Material provided:
..........

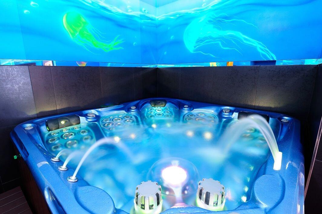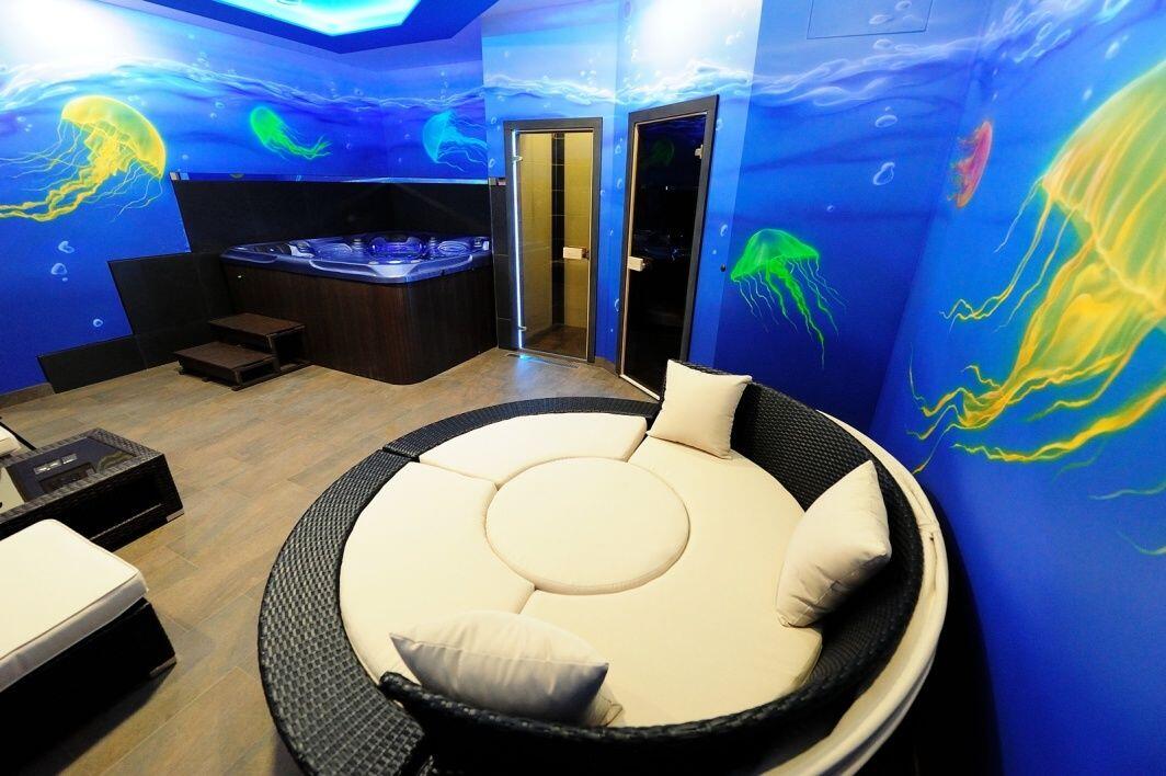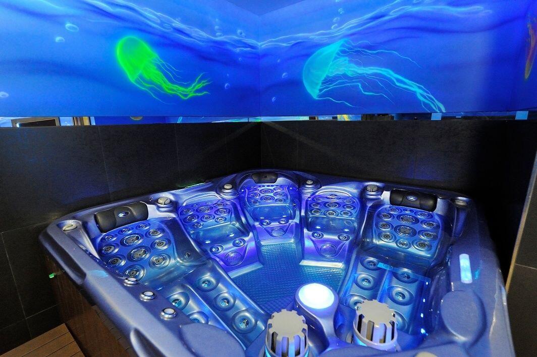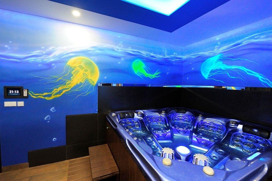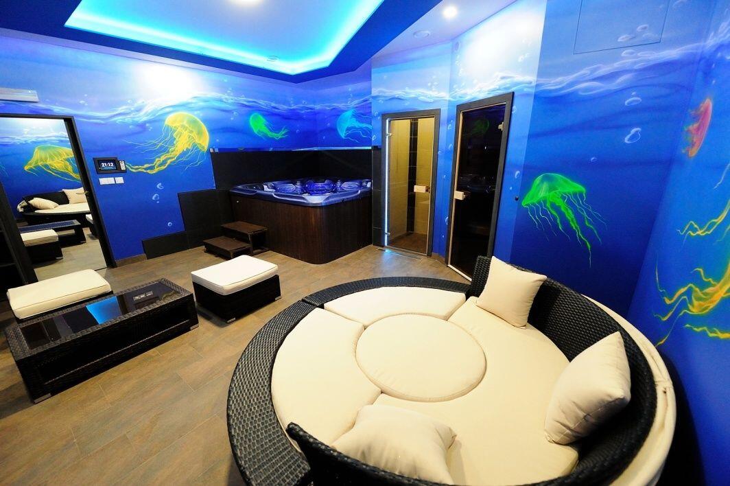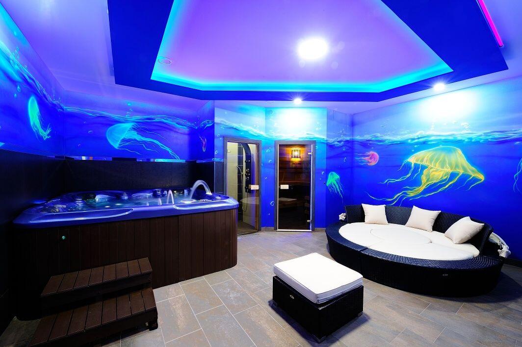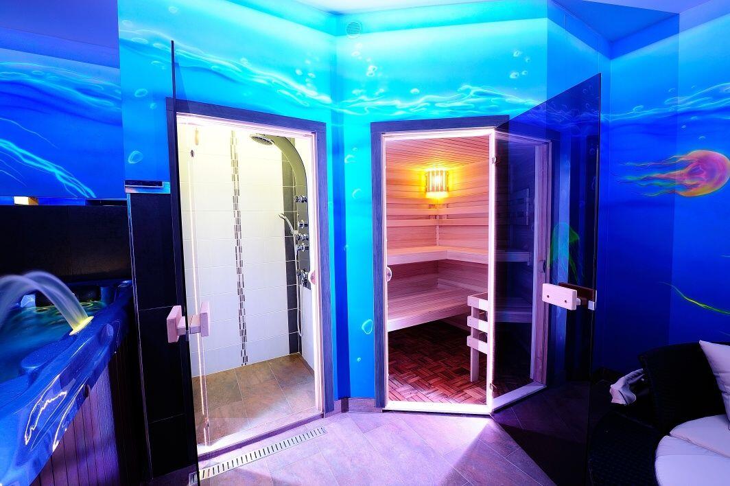 Privátní zóna je situován jako podmořský svět, naší snahou bylo navodit velice příjemnou a uklidňující relaxační atmosféru v privátní vířivce a sauně. Tematická malba celé zóny, je v provedení 3D, podsvícená UV světlem a zaručuje nevšední zážitek.
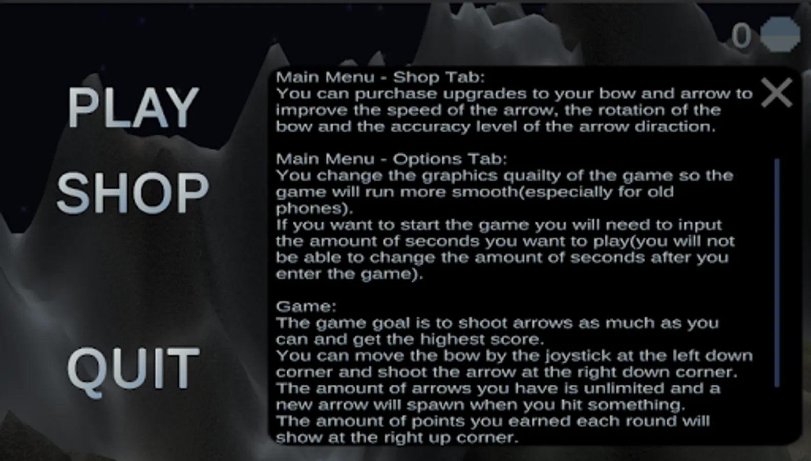 The game goal is to shoot arrows as much as you can and get the highest score,
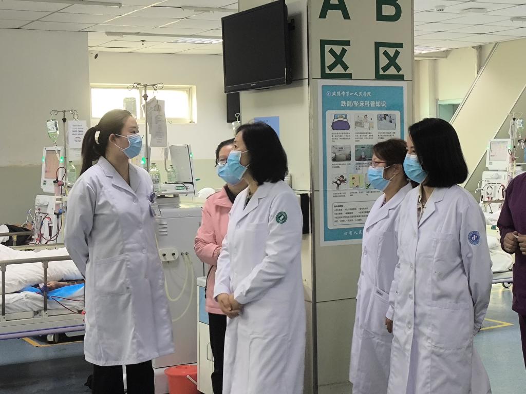 参加此次巡诊的有肾病科主任付荣国主任医师、肾病重症组组长王莉主任医师、腹膜透析组组长陈钊副主任医师、肾脏病理组马晓桃医师、肾脏介入组魏士卓医师、腹膜透析专科护士马芳霞主管护师。
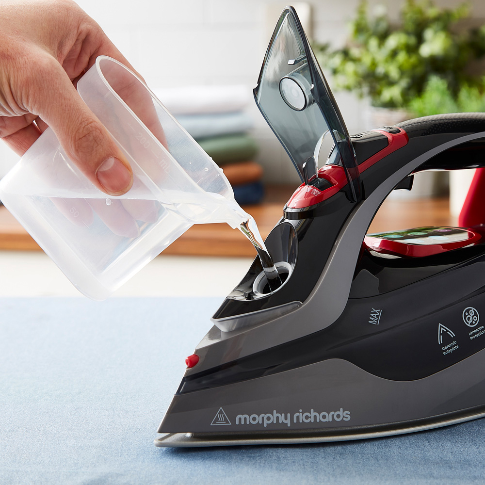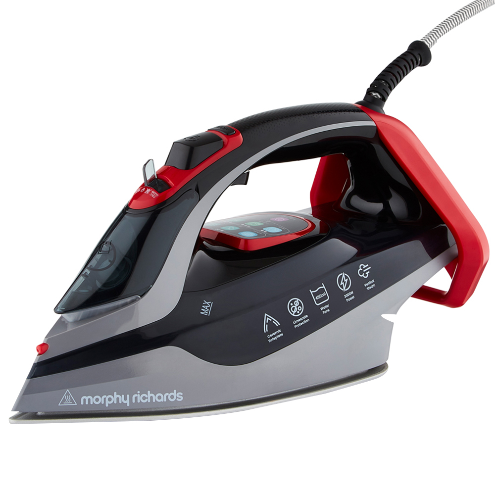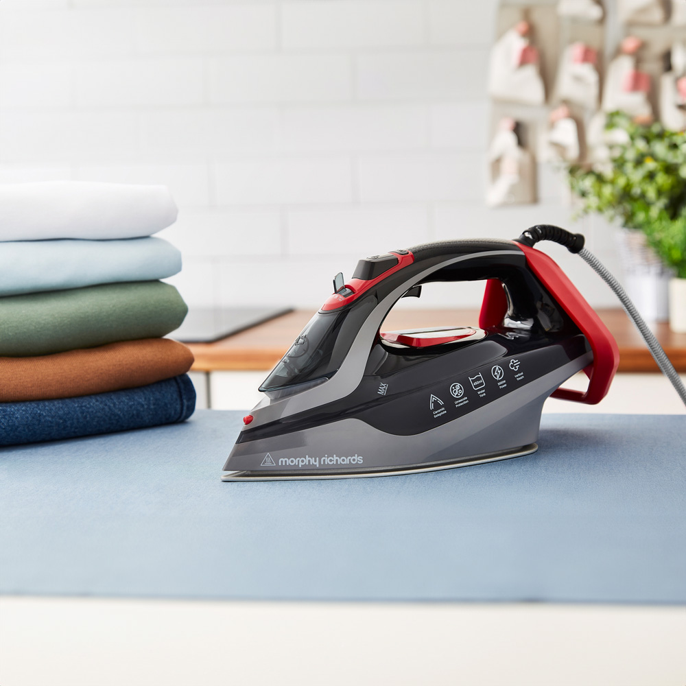 The Morphy Richards 3000W LED Steam Iron is an exceptional choice for any home, combining innovative features to deliver the best iron experience. Its ceramic sole plate ensures smooth and efficient ironing making it one of the best irons for clothes, while the 35g/min steam output and variable steam options make it easy to remove even the toughest wrinkles. The 450ml water tank capacity allows for extended ironing sessions without frequent refills, and the anti-drip feature keeps your clothes spotless. With anti-scale technology, this steam iron stays in optimal condition longer, and the self-clean feature simplifies maintenance. The 3-meter cable length provides added flexibility, while digital control offers precise adjustments for different fabrics. For added safety, the auto shut-off feature ensures peace of mind. Trust the Morphy Richards iron for superior performance and convenience, making it the best steam iron for your needs.

..........

What you return must match the lines above from the one with "The game goal" through the one with "参加此次巡诊的有肾病科主任付" exactly, with both ends included and the pictures excluded.

 The game goal is to shoot arrows as much as you can and get the highest score,
 参加此次巡诊的有肾病科主任付荣国主任医师、肾病重症组组长王莉主任医师、腹膜透析组组长陈钊副主任医师、肾脏病理组马晓桃医师、肾脏介入组魏士卓医师、腹膜透析专科护士马芳霞主管护师。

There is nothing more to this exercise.